Sensors (Basel, Switzerland)
|October 14, 2022
Summary
Prior night sleep duration impacts gait. Good sleepers exhibited more asymmetrical gait and maintained speed better than poor sleepers, suggesting gait analysis can indicate sleep status.
Area of Science:
- Biomechanics
- Sleep Science
- Machine Learning
Background:
- Insufficient sleep (7–9 hours) is linked to injuries in various age groups.
- Existing research on sleep and gait primarily focuses on older adults and clinical populations.
- The impact of sleep duration on gait in healthy young adults remains underexplored.
Purpose of the Study:
- To investigate the relationship between prior night's sleep duration (deprivation or extension) and gait characteristics in healthy young adults.
- To identify individuals with varying sleep durations using single-task gait analysis.
- To assess the efficacy of machine learning in predicting sleep status from gait parameters.
Main Methods:
- 123 healthy young adults (24.3 ± 4.0 years) participated.
- Self-reported sleep duration (categorized as <7h, 7–9h, or >9h) was collected.

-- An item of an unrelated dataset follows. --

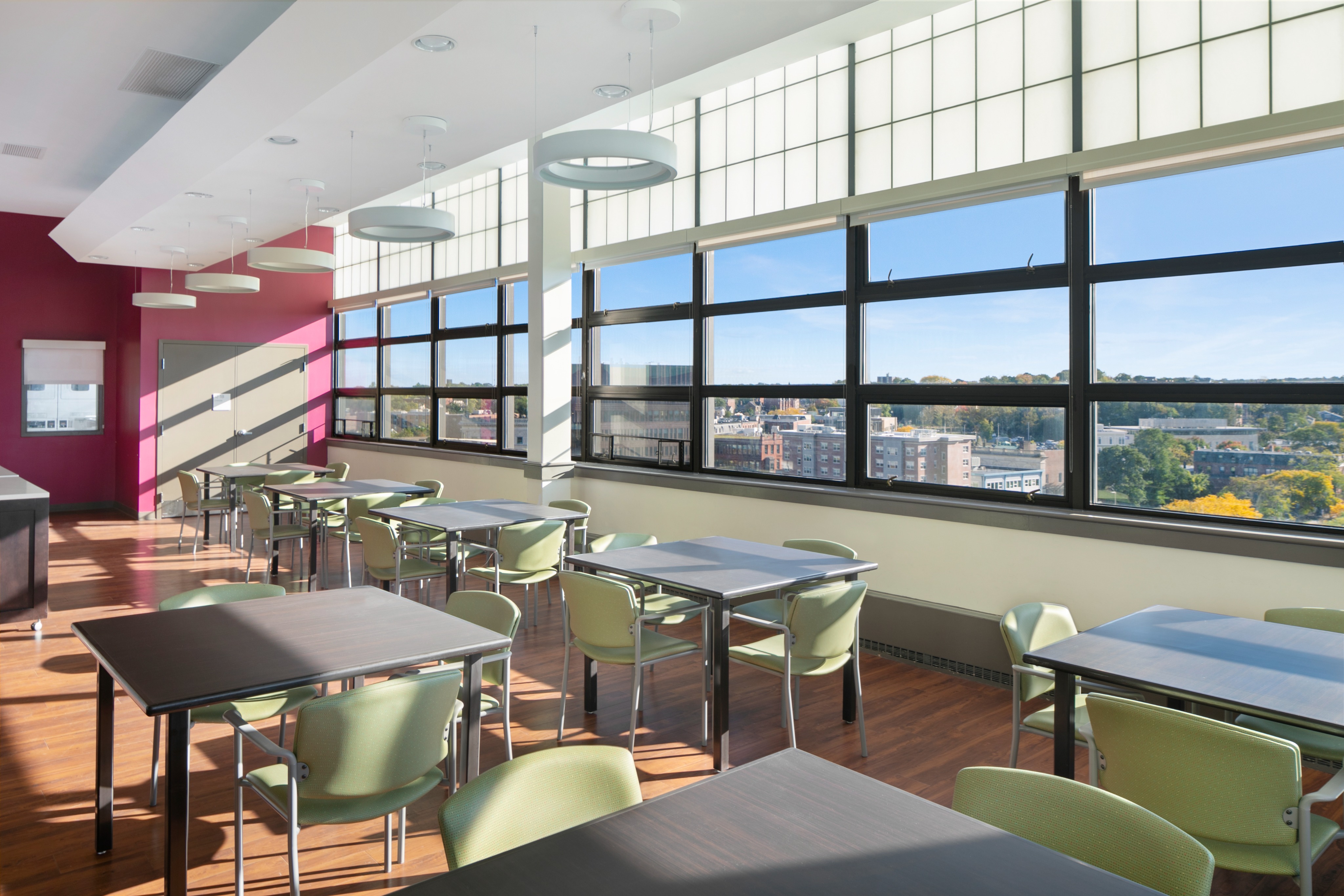 photo realistic add person walking near windows away from camera change nothing else

- Gait data was acquired using inertial sensors during a 2-minute walk test.
- Machine learning (Random Forest Classifier) and ANCOVA were employed to analyze group differences and correlations.
Main Results:
- A significant correlation (r = 0.79) was found between gait parameters and prior night's sleep duration.
- The Random Forest Classifier achieved a mean accuracy of 65.03% using the top 9 gait features.
- Good sleepers (7–9 hours) demonstrated more asymmetrical gait patterns and superior gait speed maintenance compared to poor sleepers (<7h or >9h).
Conclusions:
- Single-task gait parameters can be indicative of prior night's sleep duration in young adults.
- Individuals sleeping 7–9 hours exhibit distinct gait characteristics compared to those with shorter or longer sleep durations.
- Further research with larger cohorts is warranted to enhance the accuracy of machine learning models for sleep status prediction from gait data.